Reichstag fire decree
Miscellanea / / November 13, 2021
By Guillem Alsina González, in Aug. 2018
On the night of February 27, 1933, the Reichstag, a building that has housed the various German Parliaments since 1894, was on fire. With the Nazis in power, that same night the beginning of the end of the democracy in Germany, an end that would be ratified the next day with the decree whose name referred to incident.
The Reichstag fire decree It was a law passed by the President of Germany (Paul von Hindenburg) at the request - and with pressure - of the Chancellor Adolf Hitler, which suspended various civil liberties in order to avoid a hypothetical uprising leftist.
The latter was the most feared by the conservative German ruling class, both looking at the example of what had happened in Russia with the revolution, as with your own experience domestic violence of post-World War I revolutionary attempts, and which were vigorously repressed violence.
The very night of the fire, Marinus van der Lubbe, a Dutch communist activist who was accused of setting the fire, was arrested.
Van der Lubbe is arrested after he tried to burn down other public buildings, although there are many historians who question his authorship.
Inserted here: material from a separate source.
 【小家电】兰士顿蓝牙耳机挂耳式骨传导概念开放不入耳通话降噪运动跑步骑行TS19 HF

Later, three more communist leaders were also arrested (Georgi Dimitrov, Vasil Tanev and Blagoi Popov), who would expose the Nazi arguments with their excellent rhetoric, especially Dimitrov.
Those who doubt Lubbe's authorship claim that the fire may well have been a Nazi plot and therefore carried out by National Socialist militants.
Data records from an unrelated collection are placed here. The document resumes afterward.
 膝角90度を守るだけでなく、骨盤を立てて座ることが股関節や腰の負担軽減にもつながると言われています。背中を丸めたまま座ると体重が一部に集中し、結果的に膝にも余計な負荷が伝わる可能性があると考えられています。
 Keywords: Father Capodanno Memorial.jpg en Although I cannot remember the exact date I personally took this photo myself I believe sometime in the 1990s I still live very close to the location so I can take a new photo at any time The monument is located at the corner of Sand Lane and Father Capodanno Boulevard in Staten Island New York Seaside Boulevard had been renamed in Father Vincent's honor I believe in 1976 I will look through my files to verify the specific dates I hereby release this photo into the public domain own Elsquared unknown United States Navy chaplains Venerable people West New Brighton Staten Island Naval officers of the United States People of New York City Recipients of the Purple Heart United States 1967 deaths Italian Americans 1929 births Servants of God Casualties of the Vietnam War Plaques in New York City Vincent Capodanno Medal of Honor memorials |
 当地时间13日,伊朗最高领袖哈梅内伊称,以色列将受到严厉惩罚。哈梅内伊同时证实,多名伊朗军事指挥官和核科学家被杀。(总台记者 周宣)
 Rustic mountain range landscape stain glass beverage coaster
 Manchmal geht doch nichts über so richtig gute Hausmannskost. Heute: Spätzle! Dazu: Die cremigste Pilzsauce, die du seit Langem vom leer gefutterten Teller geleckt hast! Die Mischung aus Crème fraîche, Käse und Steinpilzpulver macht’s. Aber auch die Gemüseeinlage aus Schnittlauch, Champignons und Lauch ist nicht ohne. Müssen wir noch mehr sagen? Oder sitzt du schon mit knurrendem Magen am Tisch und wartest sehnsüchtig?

Be that as it may, the Nazis seized the opportunity to seize even more power, and the next day President Hindenburg approved the law of which we speak.
The decree suspends, indefinitely and in light of the situation, the freedoms of expression, of the press, of assembly, of association (linked to the previous one), and the secrecy of communications. It also endowed the authorities with full powers.
This, in practice, ripped democracy out of Germany, turning it into a police state in which any citizen was subjected without rights to the arbitrariness of the government and the authorities, which was to say about the Nazi party.
The Nazi government also took the opportunity to centralize powers that until then had the Länder, and to carry out mass arrests of opponents.
In this way, and in a few days, the communist opposition disappeared from public life, having since then to live in the most absolute secrecy.
In the subsequent elections of March 5 of the same year to the Reichstag (the chamber met in another building, meanwhile), the Nazis obtained 44% of the votes, which that would lead to the approval of the subsequent enabling law of 1933, with which the Reichstag itself was left without power, which concentrated everything at the hands of the government.
It was the coup de grace to a democracy that became a dictatorship in the space of little more than a month.